A moment took the stalwart boatman to
adjust his oars, by a greased leather loop, to the
rowlock pegs; then, poising the curious oars, the
upper parts of which are as large and oval as
small skittle-pins, he flew over the blue
Bosphorus with me, bearing straight to the cliff on
whose top the English tombstones shine like
beacons.
In due time, that half-mile or so of blue
water was passed by my silk-shirted Palinurus,
and, paying him so many great copper piastres,
I leaped on the little plank jetty, where I found
some Turkish boys watching a stalwart black
diving. Asking them my way, and so learning it,
I scrambled across the grooved sloping tramway
of a caïque-builder's, and made along the narrow
strip of shore that underlies the crumbling
earthcliffs of Scutari—the barrack-side of the town.
It was delicate walking, for the earth sloped very
close to the black shell-less pebbles of the beach,
and the miserly water washed high up to meet
those boulders and coloured stones and drag
them back to submarine hiding-places.
The walk was pleasant, on one side, because I
could see the city gleaming in the distance, and
the breath of the sea was bracing and fresh in
that torrid climate; but, on the other hand, it
was not pleasant, for here and there a sluggish
black stream treacled down the cliff, or poured
through some self-worn channel, in a way that
would have made the Thames—the grandmother
of all sewers, past, present, and to come—burst
its banks with envy.
I was trying to quiet the scruples of my
offended nose, and I was wondering what strangled
pashas and headless wives might not, fifty years
ago, have been washed up on this noisome shore,
where nothing but the wild barren gourd grew,
and where the ground was strewn with dead
star-fish, when my eyes, looking upward from
the beach, ran twenty yards off, and there fell,
with alarm and horror, upon the carcase of a
dead horse, upon which a band of wild dogs were
feeding as busily as aldermen at a charity dinner
on a haunch of venison. They were tugging,
and peeling, and riving, as energetically as
lawyers on Chancery property, unanimous as
swindling directors, silent as gluttons at a feast.

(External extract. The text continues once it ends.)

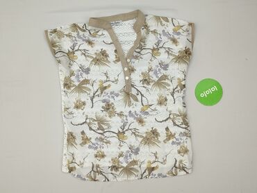 Bluzka damska O&S Paris, rozmiar M - Krótki rękaw - Zwiewna, cienka tkanina - Wzór paisley na jasnym tle w odcieniach turkusu, fioletu i zieleni - Dekolt w serek z delikatną falbaną i listwą guziko...
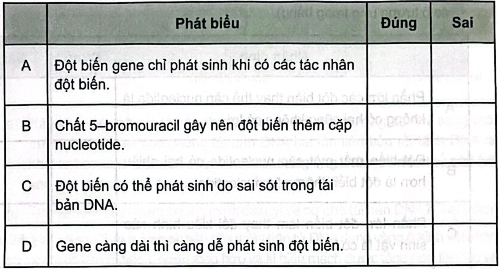 Phát biểu nào dưới đây về cơ chế phát sinh đột biển gene là đúng? Phát biểu nào sai? (đánh dấu xvào ô tương ứng trong bảng).

They scarcely looked up to see who was coming:
poachers and wreckers work not so industriously.
I should have believed that they had not
dined for a month before, for they were slaving
like shipwrights working overtime the night
before a launch. I knew not which dog's
energy most to admire: whether he of the
tanning, or he of the zoological: he of the
anatomical, or he of the physiological department.
It was a labour of love to them, and
they went at it tooth and nail.
Some of the wretches were nuzzling their
gory heads in the scooped-out stomach;
others were tugging angrily at the crimsoning
mane, to get at the choicer morsels beneath.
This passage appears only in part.